April 8, 2020

Whores’ Glory. Review

Whores’ Glory is a recent documentary by Austrian film-maker Michael Glawogger, which focuses on female sex workers from three different countries. Despite the instant preconceptions you get from its title, this film is more than just a story about paying for sex. It also explores social contexts, a variety of cultural attitudes towards sex and relationships and the influence of prostitution on people.

The film invites us on a journey to brothels in Thailand, Bangladesh and Mexico.  The camera follows the unnamed women’s everyday routine: from praying to preparing for the workday, to being in the process of attracting the clients. Even though the essence of prostitution is practically the same everywhere, the way brothels sell their workers and how women treat their trade drastically differs from country to country.

In Bangkok, in a place called ‘Fish tank’ women are placed behind thick glass. Potential clients choose the women they like, while those in the tank can hardly see anything apart from their own reflections. Then we are moved to the ‘City of Joy’, a labyrinth in Bangladesh where mothers are madams for their own daughters.  The final act of the story takes place in Mexico, in La Zona of Reynosa, a drug -infused brothel quarter close to the border with Texas.

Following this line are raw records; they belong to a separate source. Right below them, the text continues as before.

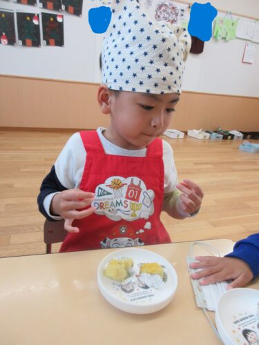 さて先日は、レインボースターズグループではさつまいもを使って、“スイートポテト”を作りました。クッキングに期待して、自分からエプロンやバンダナを着て準備を始め、ワクワクしながら向かっていました。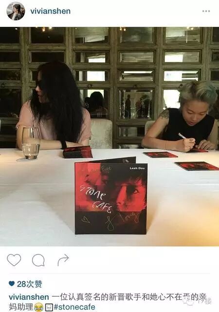 发布图片的网友还打趣称:“一位认真签名的新晋歌手和她心不在焉的亲妈助理!”
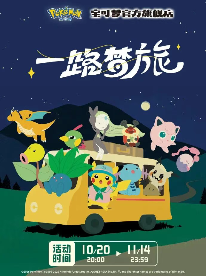 10月20日 ,Pokemon 宝可梦宣布 “一路梦旅” 主题特别活动开启。活动期间有折扣优惠和礼物赠送,同时更新购物袋款式,等身大系列毛绒玩具现货。( 宝可梦)

In each of these locations, women who are often mystified or even hated open up about their work, clients and hopes.  They face self-commodification very differently. Some see it as a natural part of their lives and a way of realising personal ambitions; some are bound to do this because there is no way out for them, while others just enjoy the ride and forget themselves by smoking crack. Whores’ Glory may seem sad, disturbing or immoral, but it is nevertheless an astonishing portrayal of a capitalistic system that can exploit not only materials but human beings too.

Prostitution has been around for centuries and now there is a film that captures how this ancient trade works without judging, glamorising or banishing it. Glawogger chose to focus on certain brothels in developing countries rather than talking about sex trade in general. By doing this, he created an accurate portrait and gave voice to the ones that are often silent.